Wednesday, December 29, 2010


Throughout history, one of the identifying features of a civilized culture has been the respecting of a dying man's last request. Whether a matter of law, policy, or unwritten rule, the seeing-through of the deceased's last wishes has usually been considered a noble act reserved for the closest of kin or best of friend. Then came liberalism.

Where common sense and general decency dictate that your property is exactly that-your property, liberalism dictates that your property belongs to the government, who allows you to "borrow" it until the moment of your death, at which time they have the right to reclaim it. At least, that seems to be the logic behind the idea of the "death tax".
Consider this. Assuming that you are a law abiding citizen, during your time on this Earth, every paycheck you ever earn is taxed before it even touches your hand. Then, everything you ever purchase is taxed...sometimes redundantly. By rights, (and the constitution) anything left over is supposed to be yours. Consequently, it is supposed to be you who makes the decisions regarding who will inherit what's left over. But, as with all other decisions in life, liberals believe that your last request should be left to that Goliath of bureaucracy we call "the government".

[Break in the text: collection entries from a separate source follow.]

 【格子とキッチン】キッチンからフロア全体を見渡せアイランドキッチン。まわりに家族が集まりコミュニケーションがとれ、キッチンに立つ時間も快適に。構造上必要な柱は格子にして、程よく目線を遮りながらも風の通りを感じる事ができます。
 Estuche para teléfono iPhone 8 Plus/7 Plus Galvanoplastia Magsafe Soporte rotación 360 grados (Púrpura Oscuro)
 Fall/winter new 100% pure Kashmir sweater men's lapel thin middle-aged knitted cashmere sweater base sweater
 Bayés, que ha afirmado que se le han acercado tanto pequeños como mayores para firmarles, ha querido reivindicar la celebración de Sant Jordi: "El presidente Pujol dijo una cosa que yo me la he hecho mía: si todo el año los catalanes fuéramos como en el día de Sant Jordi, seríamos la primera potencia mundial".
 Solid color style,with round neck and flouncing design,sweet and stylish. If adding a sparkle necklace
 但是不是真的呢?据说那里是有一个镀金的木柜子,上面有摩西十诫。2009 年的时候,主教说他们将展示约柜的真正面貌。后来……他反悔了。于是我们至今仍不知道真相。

I say "Why stop there"? If the government is entitled to decide who gets your money when you die, then why not the rest of your stuff? After all, who are you to decide who gets your family photos? Pets? Clothes? Beer stein collection? Books? Baseball cards? Etc, etc...

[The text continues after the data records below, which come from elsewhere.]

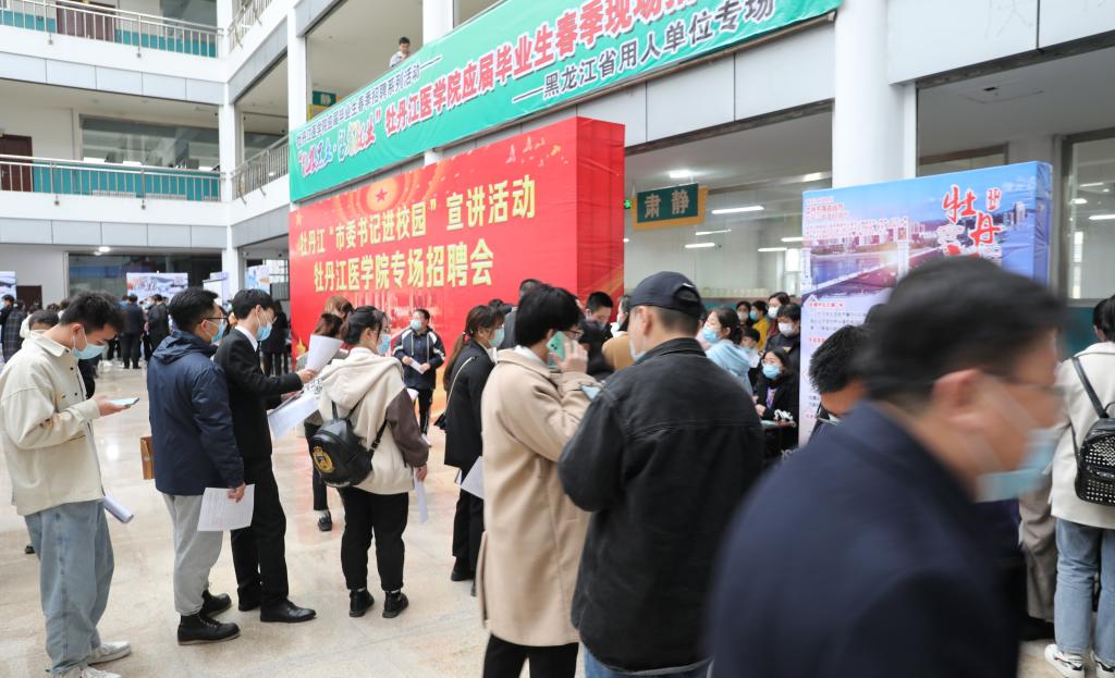 宣讲活动结束后,市、校双方领导及参会单位负责人到学校图书馆一楼阳光大厅招聘现场,与参加的用人单位进行交流,了解学生需求,会场内学生踊跃与招聘单位工作人员进行咨询,递交报名表。“书记进校园”活动牡丹江医学院宣讲推介会取得圆满成功。
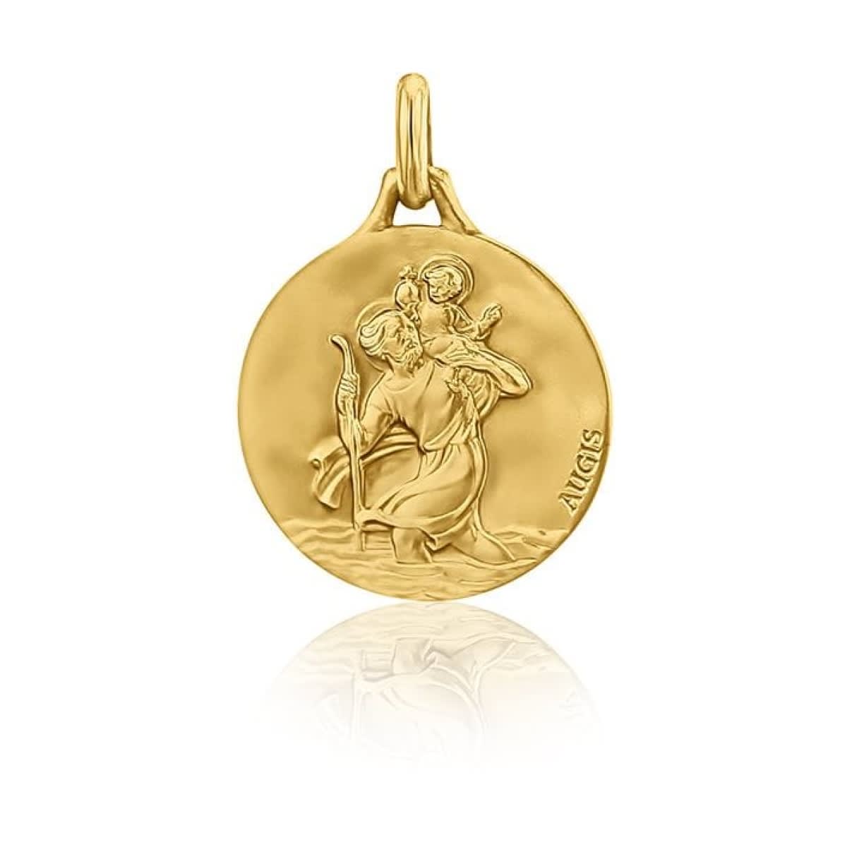Les prix sont variables suivant le poids, la taille et le cours des matières premières.Médaille “Saint Christophe” en or jaune mat de 18mm
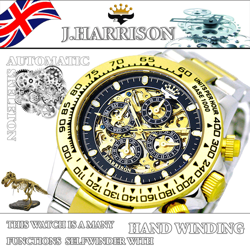 商品名前 機械式多機能両面スケルトン時計J.H-003GB
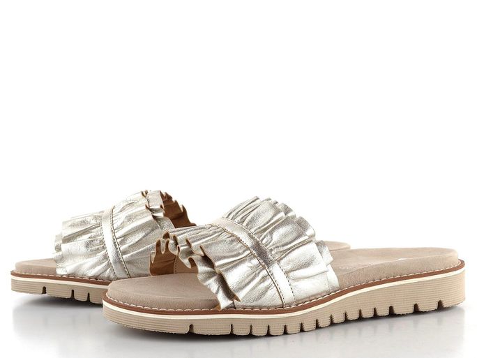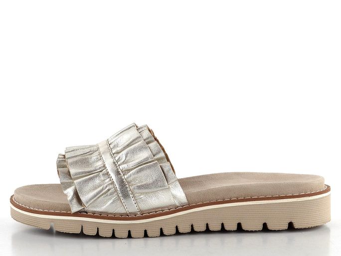 Vychutnejte si dokonalou kombinaci stylu a pohodlí s dámskými pantoflemi značky Ara. Tyto pantofle jsou ideální volbou pro letní dny, kdy chcete vypadat elegantně a cítit se pohodlně. Jemná metalická kůže ve světlé platinové barvě dodává botám luxusní vzhled, zatímco módní řasení na nártu přidává na originalitě. Díky technologii HighSoft® se můžete těšit na měkký svršek, tvarovanou stélku a flexibilní podešev, která poskytuje maximální komfort. Pantofle jsou lehké, s mírným klínkem a celokoženou podšívkou, což je činí ideálními pro každodenní nošení. Značka Ara klade důraz na kvalitu a udržitelnost, což z těchto pantoflí dělá nejen módní, ale i zodpovědnou volbu.

With liberalism having such a "death grip" on our life...and death, it's easy to see why it is no longer a custom to place pennies on the eyes of the dead.

Sunday, December 5, 2010


As a rule, I try not to re-hash topics I've covered in the past. But with the current state of our economy and congress' child-like understanding of both the cause of it, and solutions to it, I felt a refresher coarse might be in order.
As congress fights among themselves about whether or not to extend the current tax rates, or raise taxes on certain, but not all citizens of America, it occurs to me that in the future, we might want to consider a basic aptitude test as a requirement for being allowed to run for public office. Until that day though, all I can do is offer my free economic lessons and hope that prospective politicians take full advantage of it.

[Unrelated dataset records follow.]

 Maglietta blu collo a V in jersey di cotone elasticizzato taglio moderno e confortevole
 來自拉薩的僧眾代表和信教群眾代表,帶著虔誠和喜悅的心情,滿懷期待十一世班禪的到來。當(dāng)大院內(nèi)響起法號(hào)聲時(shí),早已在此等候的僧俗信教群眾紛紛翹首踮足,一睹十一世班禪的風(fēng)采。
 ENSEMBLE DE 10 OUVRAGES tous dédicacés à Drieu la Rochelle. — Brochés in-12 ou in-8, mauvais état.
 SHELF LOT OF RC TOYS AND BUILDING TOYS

I'm going to make this short and sweet. If you think raising taxes on "the rich" is going to help the economy, you are wrong. First, it's not fair to tax one citizen at a different tax rate than another. Especially when it's done for spite, jealousy, or simple ignorance of economics. Second, if you want to "create jobs", who better to do that than the people who actually do the most hiring? I mean really! Who hires more people? The X-Box addicted, 87' GEO driving, Mamma's basement living welfare case? The small business owner who's business has never actually required the hiring of more than thirty people? Or the "rich fat cat" who's enterprises require a minimum of two thousand associates to staff adequately?
Who is more likely to purchase big ticket items like boats, cars, pools, planes, summer homes, or turn one condos at Charlotte Motor Speedway? The welfare case? Mr. Small Business? Or the rich guy? Considering that those big ticket items do not grow on trees, where do you suppose they come from? You guessed it, the American worker. That is assuming that their manufacturers haven't fled the country trying to escape excessive taxation...irony.
So though it may bother you that some rich jerk just bought his third 120 foot yacht, you need to remember that the purchase of that yacht employed hundreds of people and fed many families. From everyone who works for the yacht company to the guy who scrapes the barnacles off it's hull, and everyone in between...people made money from the rich guy's indulgences.
Reducing the rich guy's ability to indulge himself via higher taxes might make you feel better, but it ain't going to put food on the table of the guy who assembles yacht engines.

Third, the age old rule of "S#&% rolls down hill" applies today just as it always has. That means that even though I might not be rich, my boss is. And when his taxes are raised, I'll give you one guess as to who is actually going to feel the pain of it. Be it a smaller cost of living raise, reduced benefits, or another year without new equipment, I'll be the one who takes the hit. You see, rich guys don't just buy yachts, they buy entire fleets of new trucks for their companies...unless the cost of those trucks goes up due to taxation. Keep in mind that an unsold truck brings NO tax revenue, but trucks sold at a reasonable/less prohibitive tax rate will bring tax revenue.

They are supposed to be teaching this stuff in schools. So why is it up to me? I should be in bed by now!